High-efficacy site-directed drug delivery system using sialyl-Lewis X conjugated liposome.

The aim of this study was to evaluate the new developed sialyl-Lewis X conjugated liposome (sLe XL) as a site-directed delivery system to activated endothelial cells in vivo using a murine experimental autoimmune uveoretinitis (EAU) model. Four types of nanoparticles were prepared using this liposome: fluorescein isothiocyanate (FITC) labeled sLe XL (F-sLe XL) and its vehicle (F-L), sLe XL containing dexamethasone (d-sLe XL) and liposome without sLe X containing dexamethasone (d-L). First, after a bolus injection of F-sLe XL or F-L into EAU mice, sequential tissue accumulation of FITC was examined by confocal laser scanning microscopy.

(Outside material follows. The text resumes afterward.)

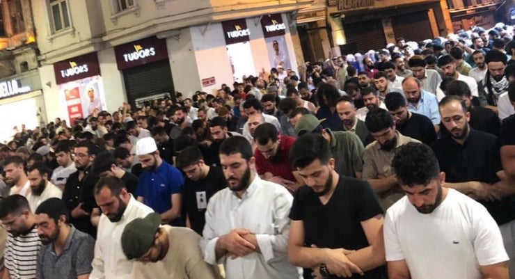 LeMan dergisinin Beyoğlu’ndaki binası önünde toplanan grup, “Kemalist köpekler hesap verecek”, “Yaşasın Şeriat” gibi sloganlar atıp tekbir getirmeyi sürdürüyor. Grubun yatsı namazını da İstiklal Caddesi’nde kıldığı görüldü. Bölgede güvenlik önlemleri artırılırken, olası bir gerginliğe karşı çok sayıda polis ekibi hazır bekletiliyor.
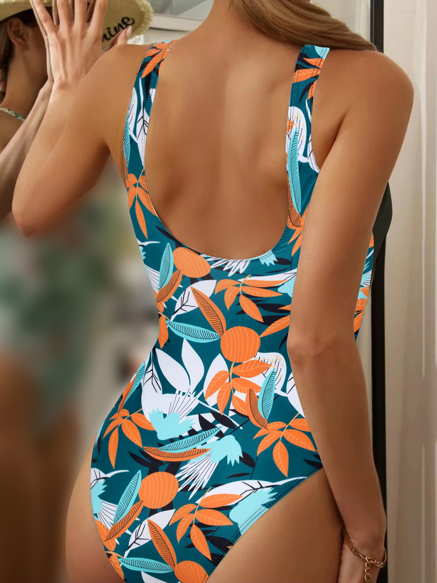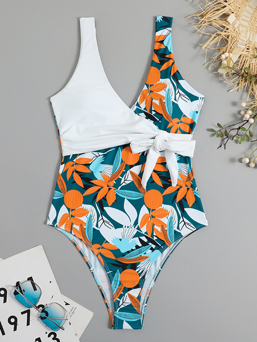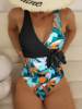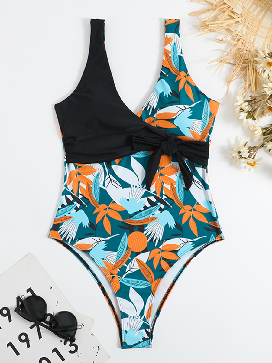2025 Tropical Print Knot Side Belted Swimsuit One Piece Swimwear Women Padded Bathing Suit Female Swimming Summer Beachwear

Second, anti-E-selectin antibody, as a blocking antibody, was given intravenously to EAU mice prior to the injection of F-sLe XL in order to investigate the effect of the antibody on inhibition of the accumulation of F-sLe XL. Third, concentration of dexamethasone in several organs after the injection of d-sLe XL (total dexamethasone 2 microg) or free dexamethasone solution (1mg) was measured by radioimmunoassay. Accumulation of FITC was only observed in F-sLe XL treated EAU mice. F-sLe XL accumulated on the activated endothelial cells within 5 min; accumulation then was inhibited using anti-E-selectin antibody. The FITC color was dispersed sequentially to the entire retina. d-sLe XL showed selective targeting to the inflamed eye, where an approximately two-fold higher dexamethasone concentration was achieved compared with 1mg free dexamethasone. sLe XL can be a highly efficacious site-directed system in vivo. Using sLe XL as a vehicle for drug delivery, substantial pharmacologic effects with minimum side effects in inflammatory diseases should be achieved.